The mean amplitude of the P3b (time window: 450–800 ms post-stimulus) was computed separately for emotional and neutral words at the POz electrode site, where the component is typically maximal. To isolate the P3b component, we subtracted the average signals from trials with the frequent colors (blue and orange) from the average of trials with infrequent color (green and purple).
Statistical Data Analysis
As mentioned previously, Stroop analyses (behavioral and electrophysiological) were conducted only with trials in which the colored item was the word (n = 384 per condition). In the emotional Stroop task, trials with errors (3.96%) and correct trials with RTs under 300 ms or over 1,200 ms (3.80%) were discarded from RT as well as ERP analyses. RTs, accuracy (error rates) and mean ERP amplitudes at the selected electrodes (separate for each component) were analyzed using repeated measures ANOVA with Condition (emotional, neutral) as a within-subject variable and Group (victims, control) as a between-subject variable. We added laterality (left or right hemisphere electrode, respectively, PO7 and PO8) as within-subject variable into the ANOVA to analyse C1/P1 and N2pc. Correlations between RTs as well as ERP amplitudes with the different questionnaire scores were also examined. We verified homogeneity of variances with the Levene's test (Fox, 1997). When this test suggested inequality of variances, we applied the necessary corrections (i.e., degrees of freedom were adjusted).

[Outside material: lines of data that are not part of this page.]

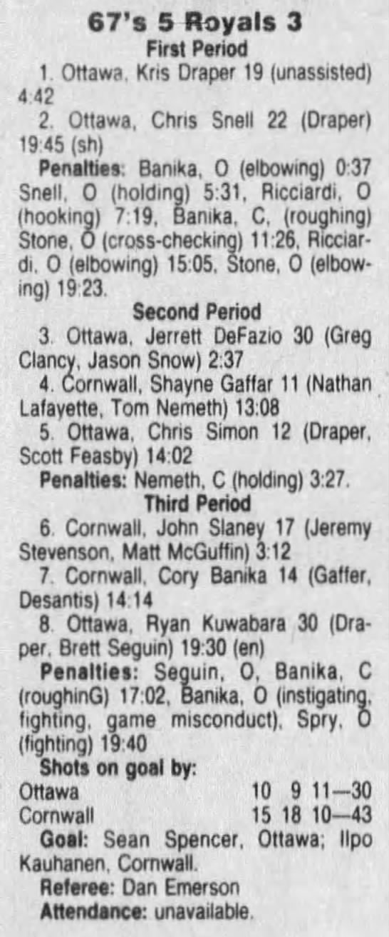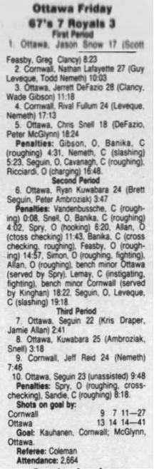 October 4 1990- Ottawa @ Cornwall (4-3 Cornwall)
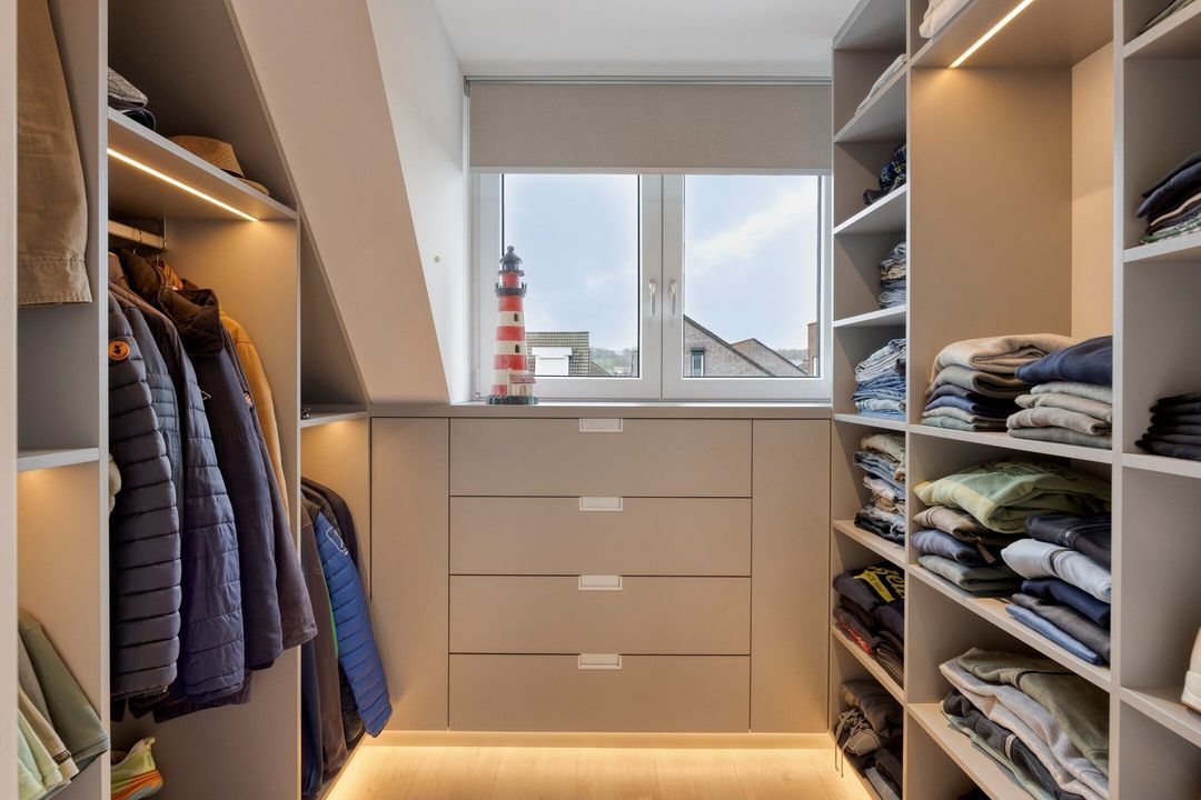 • Berging 1: Deze ruimte is ca. 5 m² groot en momenteel ingericht als inloopkast met interieurbouw, maatwerk kasten en eveneens voorzien van een dakkapel.
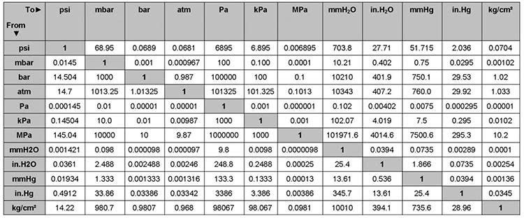 Ngoài ra, bạn có thể theo dõi chỉ số kPa được quy đổi giữa các đơn vị đo lường áp suất khác theo bảng dưới đây:
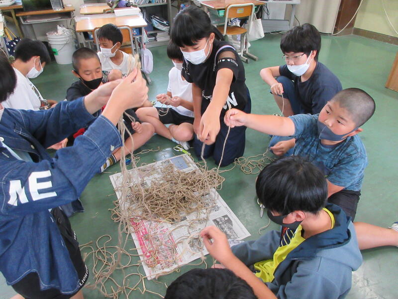 まずは、3つのグループに分かれて、学校にある千歯扱きや足踏み脱穀機を使い脱穀作業の体験をしました。
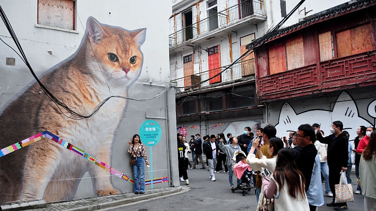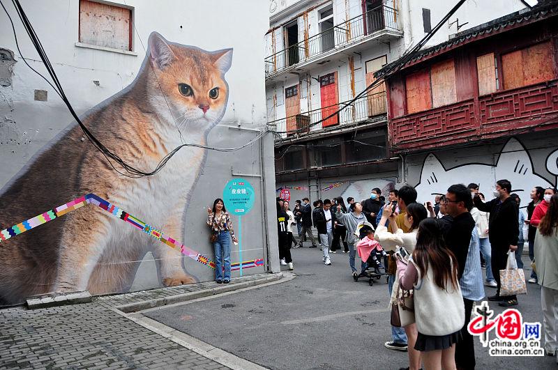 La rue Fangbinzhonglu a été ouverte aux visiteurs le 7 mai, à Shanghai. Grâce à des images géantes de chats peintes sur les murs, cette vieille rue située au district de Huangpu est devenue une attraction populaire pour les habitants et les touristes.
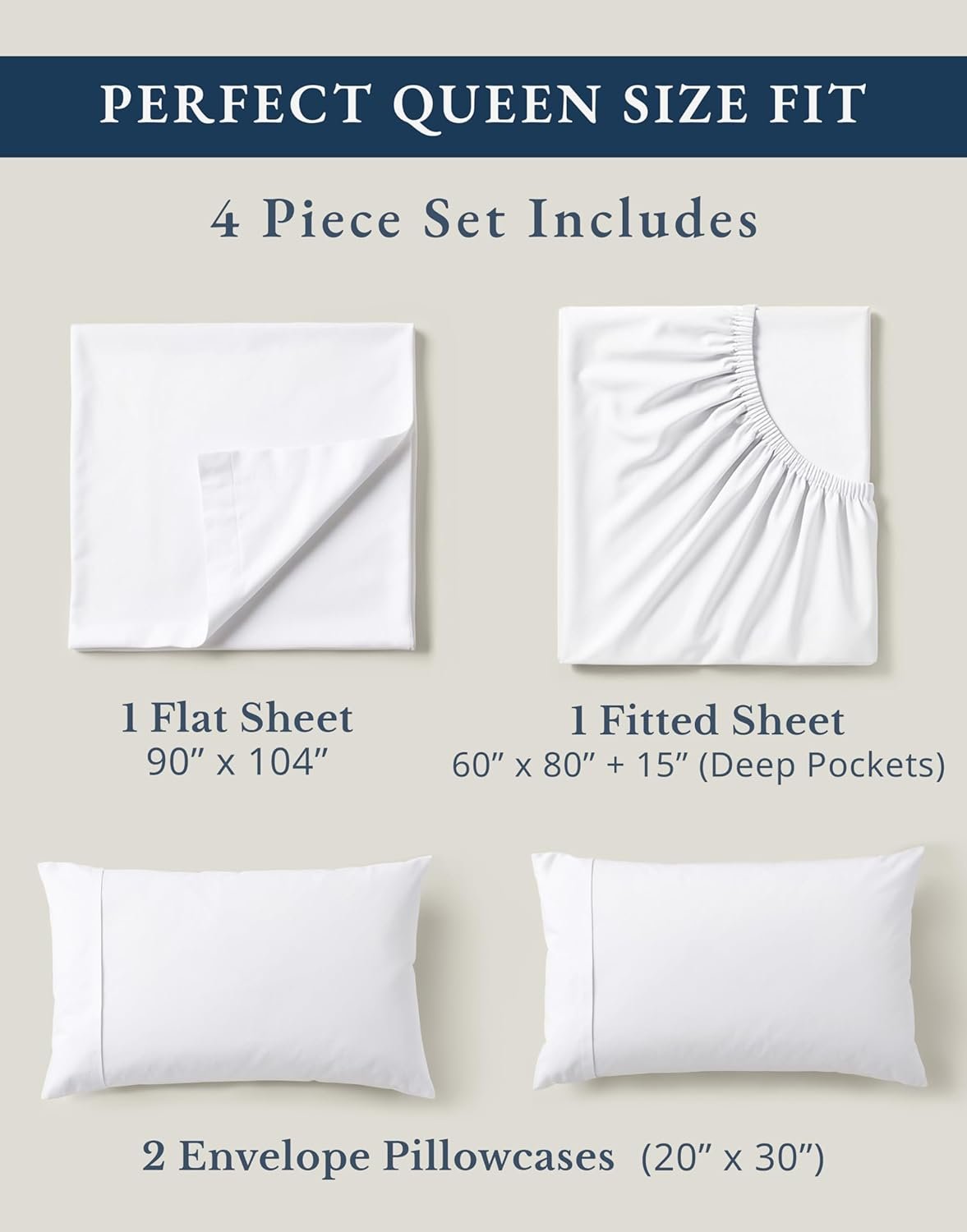 - Luxurious 4-piece bedding : Embrace luxury with our meticulously crafted 4-piece white queen sheets set. Our white sheets queen set includes 1 Flat sheet (90″ W x 104″ L)that offers ample coverage, 1 snug bottom Fitted sheet (60″ W x 80″ L) designed specifically for a queen mattress having 8″- 15″ deep pocket with all-around elastic and 2 Standard Queen Size Pillowcases (20″ W x 30″ L).
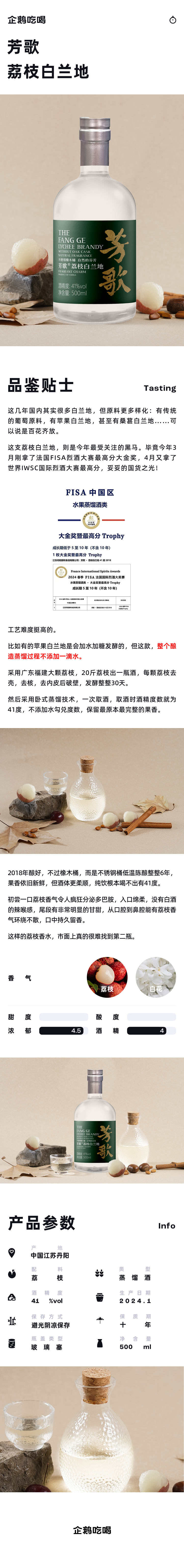 企鹅市集|国际金奖高分 芳歌 荔枝白兰地500ml 不加水不加糖 20斤荔枝酿造

Average STAI-S and LEI scores are presented in Table 1. STAI-S scores were not significantly different between victims and controls, t(25) = 0.81, p = 0.425, indicating the two groups did not differ in their level of situational anxiety. LEI scores were also not significantly different between victims and controls, t(16.98) = 1.51, p = 0.149. Victims on average did not report a greater number of stressful life events than control participants.
Emotionality ratings are presented in Table 3. As expected, subjective emotionality ratings were higher for emotional words than for neutral words, t(25) = 15.11, p < 0.001, d = 2.96. We observed a marginally significant effect of Group, t(24) = 1.92, p = 0.067, d = 0.38 Victims rated words as overall more emotional than control participants. However, no interaction between Condition and Group was observed, t(18.56) = 0.50, p = 0.626. Thus, victims did not rate the abuse-related words as particularly emotional, compared to the control group.
Table 3. Emotionality ratings as a function of Condition (emotional, neutral) and Group (victims, controls).
Concerning errors rates, no significant main effect of Group was observed, F(1, 24) = 0.90, p = 0.351. The rate of errors was not higher for victims (M = 3.59%, SD = 2.17) than for control participants (M = 4.33%, SD = 1.89). There was also neither a significant main effect of Condition, F(1, 24) = 0.04, p = 0.846, nor a Condition x Group interaction, F(1, 24) = 0.04, p = 0.850.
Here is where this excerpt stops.